On March 17, 1998, Insignia entered into an agreement to merge its national
residential property management operations, and its controlling interest in
Insignia Properties Trust, with Apartment Investment and Management Company
("AIMCO"), a publicly traded real estate investment trust.  The closing, which
is anticipated to happen in the third quarter of 1998, is subject to customary
conditions, including government approvals and the approval of Insignia's
shareholders.  If the closing occurs, AIMCO will then control the General
Partner of the Partnership.

ITEM 8.CHANGES IN AND DISAGREEMENTS WITH ACCOUNTANTS ON ACCOUNTING AND
       FINANCIAL DISCLOSURE

None.


                                     PART III


ITEM 9.DIRECTORS, EXECUTIVE OFFICERS, PROMOTERS AND CONTROL PERSONS, COMPLIANCE
       WITH SECTION 16(A) OF THE EXCHANGE ACT

The Registrant has no officers or directors.  The Individual and Corporate
General Partners are as follows:

Individual General Partner - N. Barton Tuck, Jr., age 59, is the Individual
General Partner of the Registrant.  Mr. Tuck is Chairman of GolfSouth
Management, Inc.  Until August 1990, he served as Chairman and Chief Executive
Officer of U.S. Shelter Corporation ("Shelter"), the former parent of AmReal
Corporation (parent of the Corporate General Partner of the Partnership).  For
six years prior to 1966, Mr. Tuck was employed in Greenville, South Carolina by
the certified public accounting firm of S.D. Leidesdorf & Company.  From 1966 to
1970, he was a registered representative with the investment banking firm of
Harris Upham & Co., Inc. in Greenville, South Carolina.  Since 1970, Mr. Tuck
has been engaged in arranging equity investments for individuals and
partnerships. Mr. Tuck is a graduate of the University of North Carolina.  Mr.
Tuck has delegated to the Corporate General Partner all of his authority, as a
general partner of the Partnership, to manage and control the Partnership and
its business and affairs.

Corporate General Partner - The names and ages of, as well as the positions and
offices held by, the executive officers and directors of Shelter Realty II
Corporation are set forth below.  There are no family relationships between or
among any officers or directors.

     Name                       Age            Position

William H. Jarrard, Jr.         51             President and Director

Ronald Uretta                   41             Vice President and Treasurer

Martha L. Long                  38             Controller

Robert D. Long, Jr.             30             Vice President

Daniel M. LeBey                 32             Vice President and Secretary

Kelley M. Buechler              40             Assistant Secretary


William H. Jarrard, Jr. has been President and Director of the Corporate General
Partner since August 1994.  He has acted as Senior Vice President of Insignia
Properties Trust ("IPT"), parent of the Corporate General Partner, since May
1997.  Mr.  Jarrard previously acted as Managing Director - Partnership
Administration of Insignia From January 1991 through September 1997 and served
as Managing Director - Partnership Administration and Asset Management of
Insignia from July 1994 until January 1996.

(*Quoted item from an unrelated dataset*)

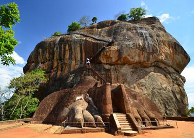 Sigiriya - is home to the 5th Century Fortress in the Sky which is perhaps the most fantastic single wonder of the Island. It is also known as Lion Rock because of the huge lion that used to stand at the entrance to the fortress. Within its triple-moated defense the huge rock rises almost to a sheer height of 500ft. On its summit are the foundations of what was once a great and sumptuous palace and gardens complete with swimming pool. On one of the stairways, the only known ancient work of Sinhala secular painting survived in the form of Frescoes of life sized damsels in all the freshness and delicacy of their original color.

Ronald Uretta has been Vice President and Treasurer of the Corporate General
Partner since August 1994 and Insignia's Treasurer since January 1992.  Since
August 1996, he has also served as Insignia's Chief Operating Officer.  He has
also served as Insignia's Secretary from January 1992 to June 1996 and as
Insignia's Chief Financial Officer from January 1992 to August 1996.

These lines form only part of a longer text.